The gut microbiome is an important component of host health and function and is influenced by internal and external factors such as host phylogeny, age, diet, and environment. Monitoring the gut microbiome has become an increasingly important management tool for wild populations of threatened species. The Tasmanian devil (Sarcophilus harrisii) is the largest extant carnivorous marsupial from the island state of Tasmania, Australia. Devils are currently endangered due to devil facial tumour disease. Previous assessments have shown differences between captive and wild devil gut microbiomes and changes during translocations. However, wild gut microbiome variability across Tasmania and the drivers of these differences are not well understood. We conducted a range-wide assessment of gut microbiomes at ten locations across Tasmania, via 16S rRNA sequencing, and tested the influence of diet (12S sequencing), location, sex, and cohort. We show that the five most abundant phylum and genera were consistent across all ten locations. Location, cohort, and sex impacted bacterial richness, but location did not impact diversity. While there were differences in diet across the state, there was no strong evidence of differences between juveniles and adults, nor between males and females. Contrary to our hypothesis, diet only explained a small amount of variation seen in microbial communities. We suspect that other variables, such as environmental factors and immune system development may have a stronger influence on gut microbiome variability. Adjustments to dietary supplementation is not necessary when preparing devils for translocation to different sites. Future research should prioritize collecting environmental samples for microbial analysis and integrating metabolomics to elucidate functional differences associated with Tasmanian devil gut microbiome variability.  

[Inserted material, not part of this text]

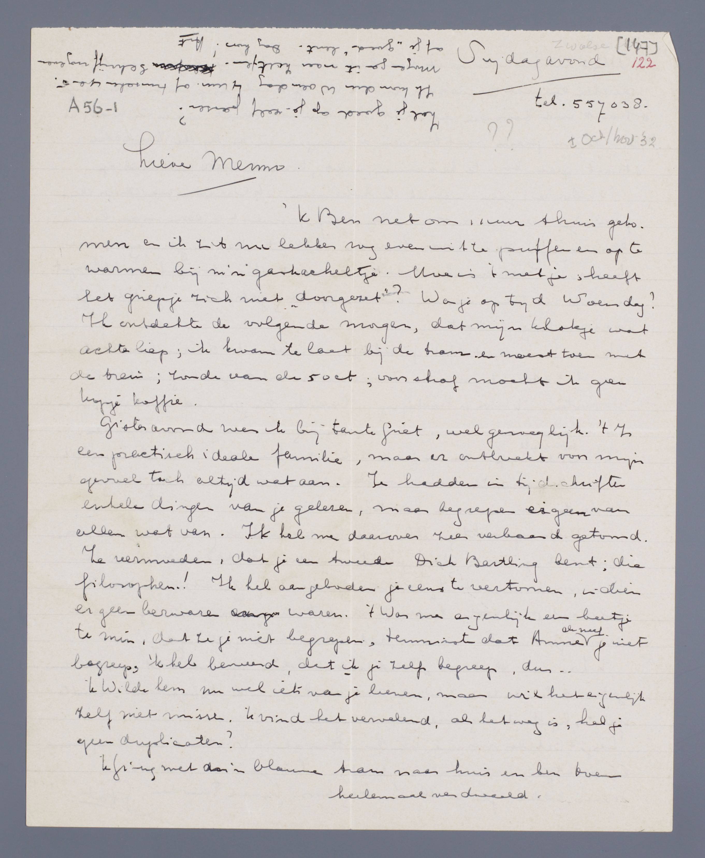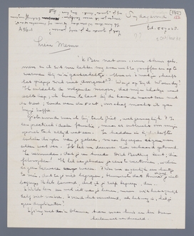 'k Ging met 'n blauwe tram naar huis en ben toen heelemaal verdwaald. 'k Weet heelemaal niet hoe het kwam. 'k Liep ergens over te denken en wat te soezen en toen ik opkeek liep ik in een lange straat met boomen en wist heelemaal niet waar ik was; er volgde een plein met boomen en aangezien er bij de Zwolschestraat geen boom te bekennen valt, keek ik zeer vreemd op. Pikdonker, geen mensch te bekennen. 'k Voelde me door dat pleintje zeer verwant aan Dumay, moest alleen maar lachen. Aan een juffr. die haar hondje uitliet heb ik gevraagd, waar ik was. Leuvenschestraat, je weet, die zoo gek rondloopt, ze heeft me toen weer een eindje op weg gebracht. Gekke gewaarwording is dat.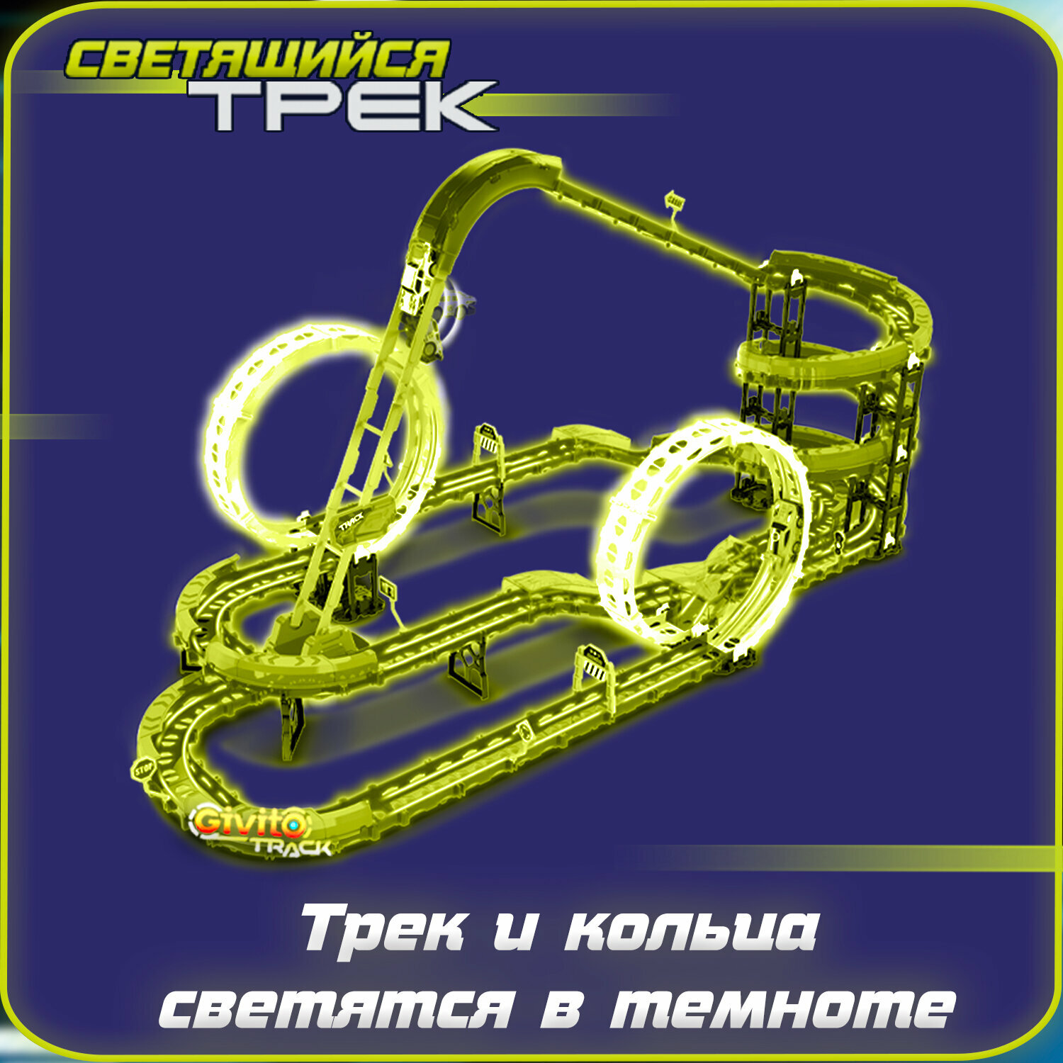 Детский гоночный светящийся гибкий автотрек Givito (2 петли 360°), 2 машинки-перевертыша, 116 деталей G2412-498 информация:

DNA from faecal material was extracted in a dedicated clean laboratory within a biosafety cabinet following the QIAmp PowerFecal Pro Kit (Qiagen) using 250 mg of fecal material from the center of each scat. A core subsample was taken from each fecal sample to ensure an even view of the bacterial community. Contamination was reduced by decontaminating the workspace and tools using 70% ethanol and bleach between each sample. Negative controls were used during each extraction batch to detect contaminants. DNA quantity and quality were checked using a Nanodrop (Thermo Fisher Scientific). The DNA extractions from the faecal samples had a 260/280nm ratio of approximately ~1.8, indicating “pure DNA”. To confirm the successful isolation of bacterial DNA, PCR amplification to target the V3-V4 region using 341F and 806R primers was performed on a random subset of samples from each batch, with banding confirmed through gel electrophoresis following Chong et al. 2019. PCR steps included (1) initial denaturation at 95 °C for 1 minute, (2) 35 cycles of denaturation at 95 °C for 15 s, (3) annealing at 55 °C for 15 s, (4) extension at 72 °C for 15 s, and (5) final extension at 72 °C for 1 minute. 20 uL of each of the resulting amplicon products were loaded into 96-well fully skirted PCR plates with a final concentration of 5-10 ng/uL and sent for 16S V3-V4 amplicon library preparation and Illumina MiSeq v3 2 × 300 base-pair sequencing.

In addition, amplicon products of the 12S V5 region targeting vertebrate species for all samples were produced to capture a broad range of prey species, including a blocking oligonucleotide primer (“12Sv5DevilB”) to reduce Tasmanian devil host DNA amplification. Successful DNA amplification was confirmed for all samples using gel electrophoresis (1% agarose at 90 voltage for 35 minutes). Amplicon products were sent with Illumina overhangs for Indexing PCR and Library preparation using Illumina MiSeq v2 sequencing platform.

This dataset contains the raw reads for both 16S and 12S sequencing and the corresponding metadata. Samples have been anonymised due to being a threatened species.